I can’t remember what happened to finally make
me go in the store, but, with much trepidation and a
deep breath, I stepped inside.
It was what I’d expected – run down and
a bit dirty looking, with products sometimes there,
sometimes not. I don’t know why I did it –
I don’t even know if I’d ever had a mango
before – but I bought an organic mango and took
it home.
I peeled back the skin and bit into it. As juice dribbled
down my chin and squirted all around, I leaned back
and groaned with delight. It was the sweetest, tastiest,
most heavenly piece of fruit I’d ever had. The
flavor was out of this world! I ate the entire thing
and sat in my chair afterward, reveling in one of the
most amazing food experiences of my life.
From that day on, there was no turning back. I started
shopping in Prana and ate almost all their vegetables
and produce – and my tastebuds danced. They would
source as much produce from local sustainable farms
as they could, and you could tell most of the food was
freshly picked and brought to the store only a couple
days after harvest. The only other place that comes
close to that experience is at a farmers market.
Health food stores are good, but as organics and sustainable
food becomes bigger and bigger business, the food is
shipped longer distances through distributors, picked
sooner, and is sometimes raised on industrial farms.
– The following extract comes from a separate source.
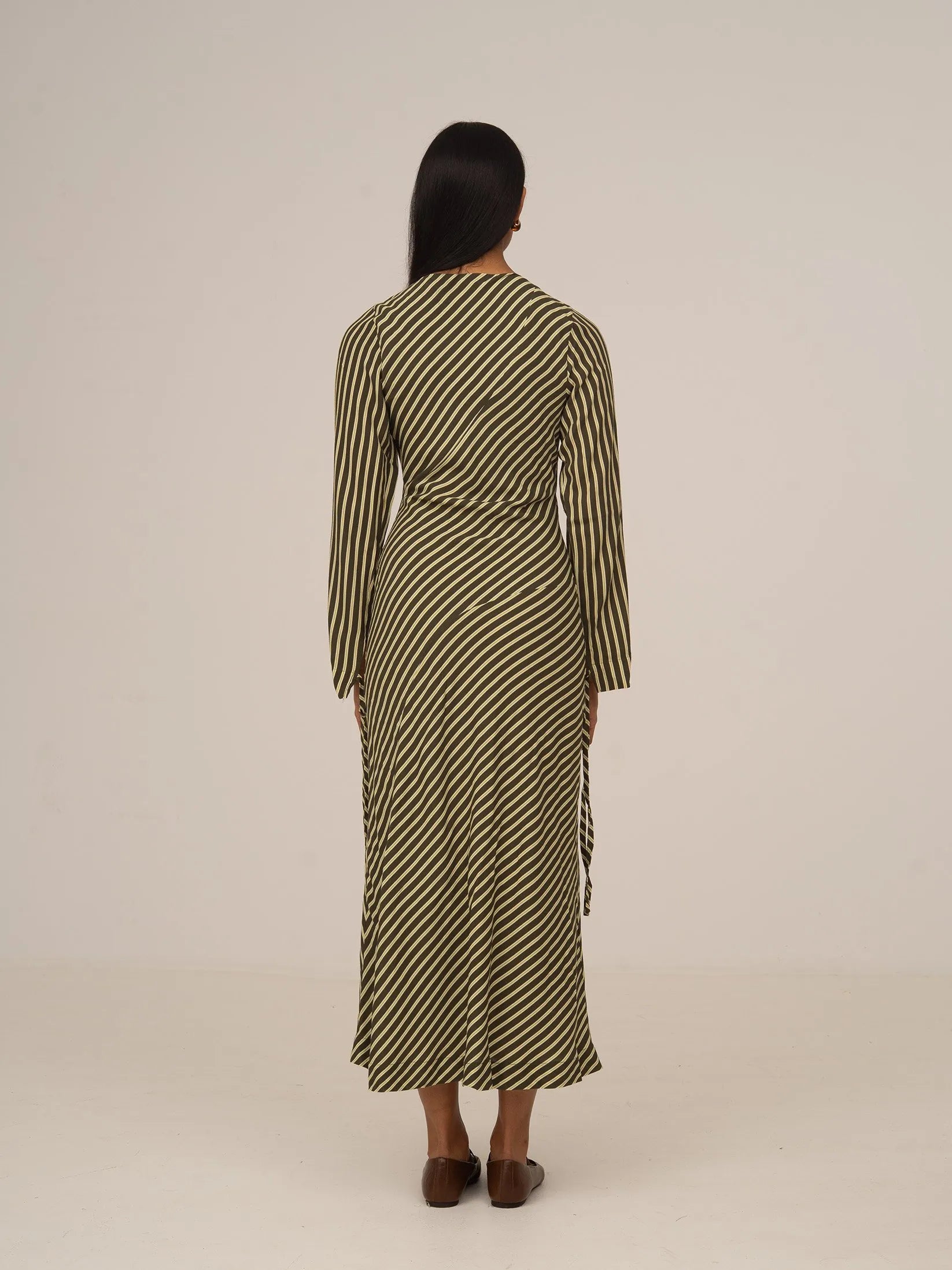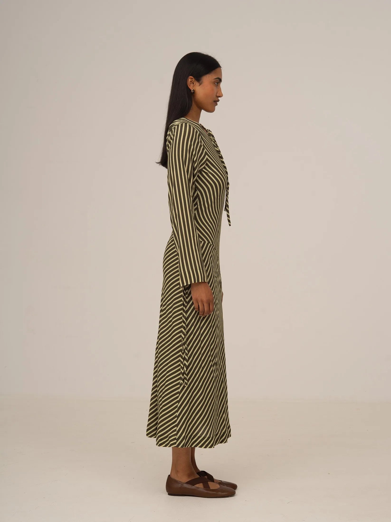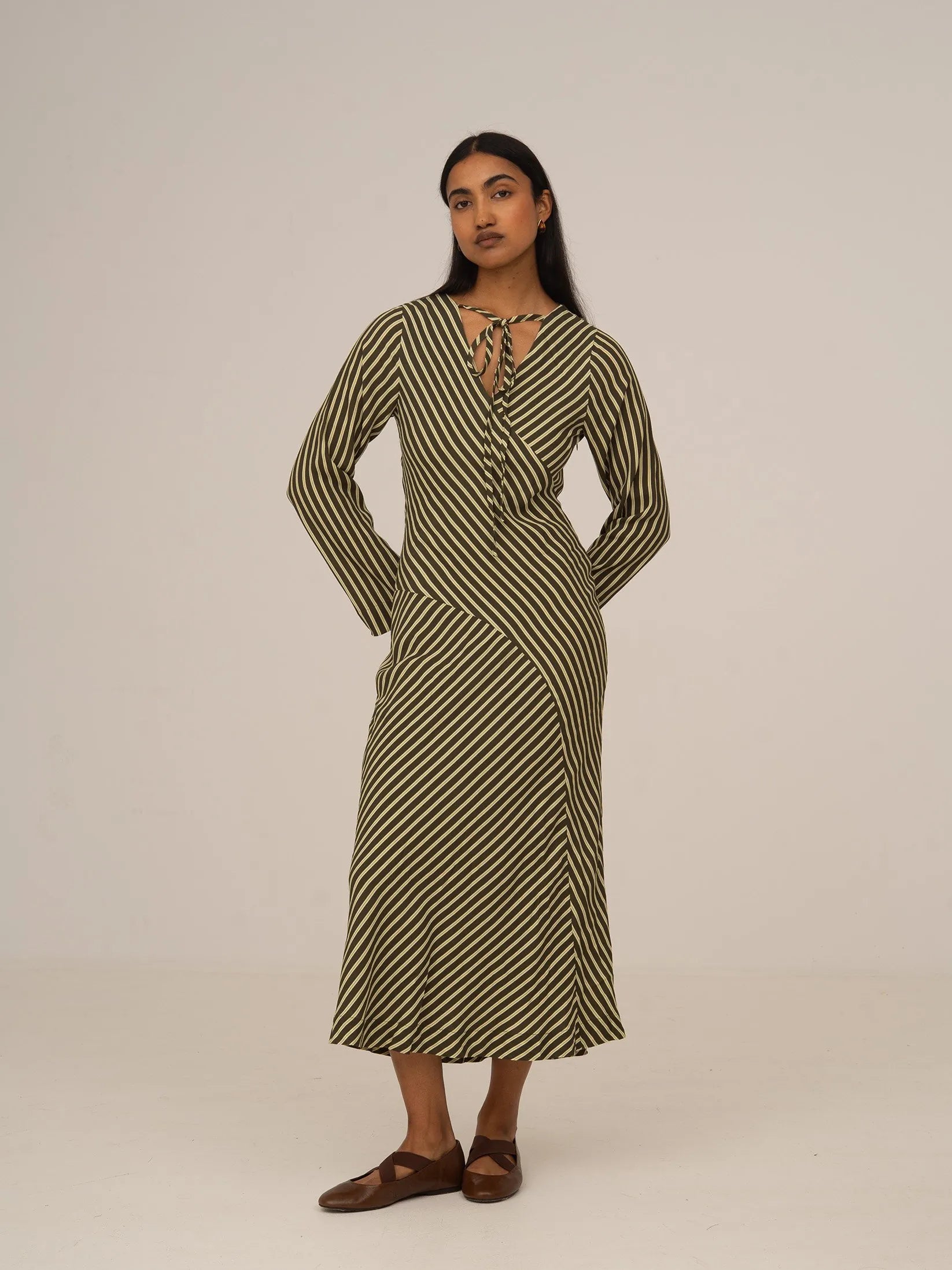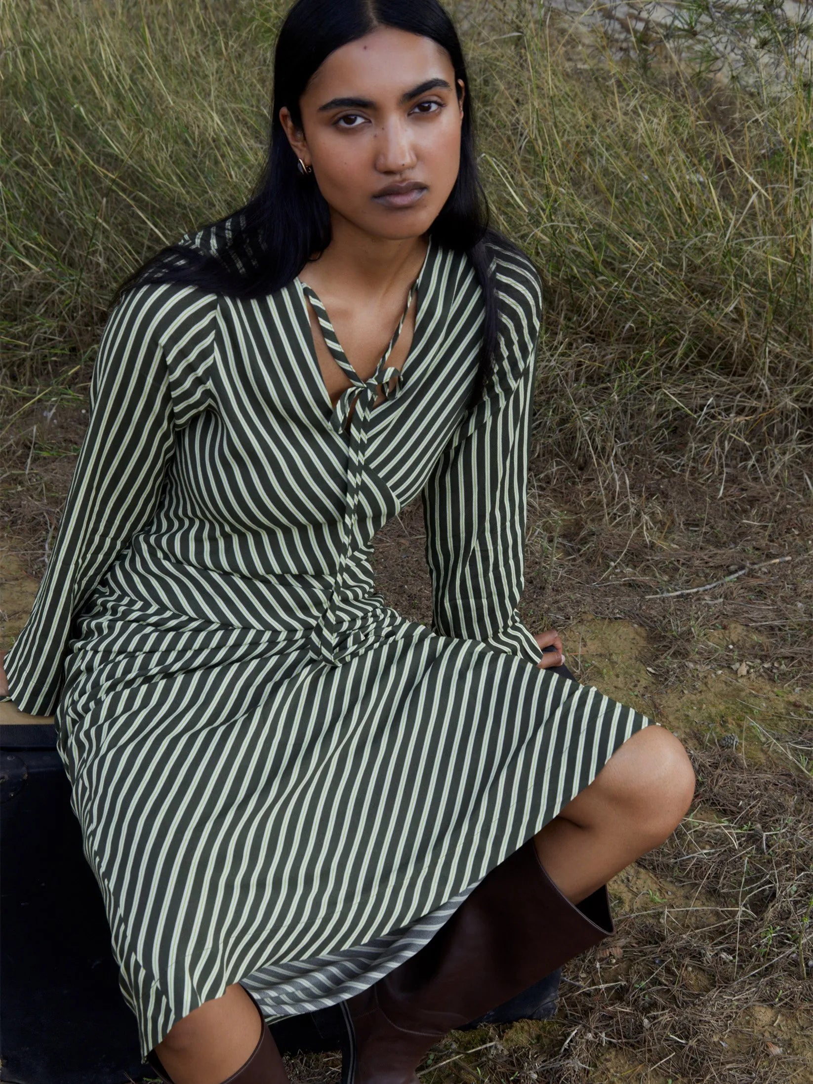 Green striped midi dress with V-neck and neck tie, elegant and feminine.

All of that will take away from the pure taste of something
just taken from the ground.
Prana went out of business a couple years ago –
their landlord had raised their rent so high that they
could no longer stay open. And, since then, I haven’t
found a store that sells food nearly as good as they
did, which is a shame. As the East Village has become
more and more popular, rents have risen to unbelievable
levels, pushing out the people and stores that made
the area popular in the first place.
After
my Prana experience, I started working at GRACE and
eventually founded the Sustainable Table program. Once
I started learning about industrial agriculture and
all the problems with conventional foods, I went almost
100% organic or sustainable. Waxed, injected, perfect-looking
food from a large supermarket looks fake to me –
I find it very hard to eat these days and will never
buy it for myself.
I think everyone should have their own mango moment,
whether it be with kale, peaches, eggs or beef. And
at Sustainable Table, that’s what we’re
trying to do.
- Diane Hatz, October 2006
Diane Hatz is Sustainable Table’s Founder/Director. She currently resides in New York City.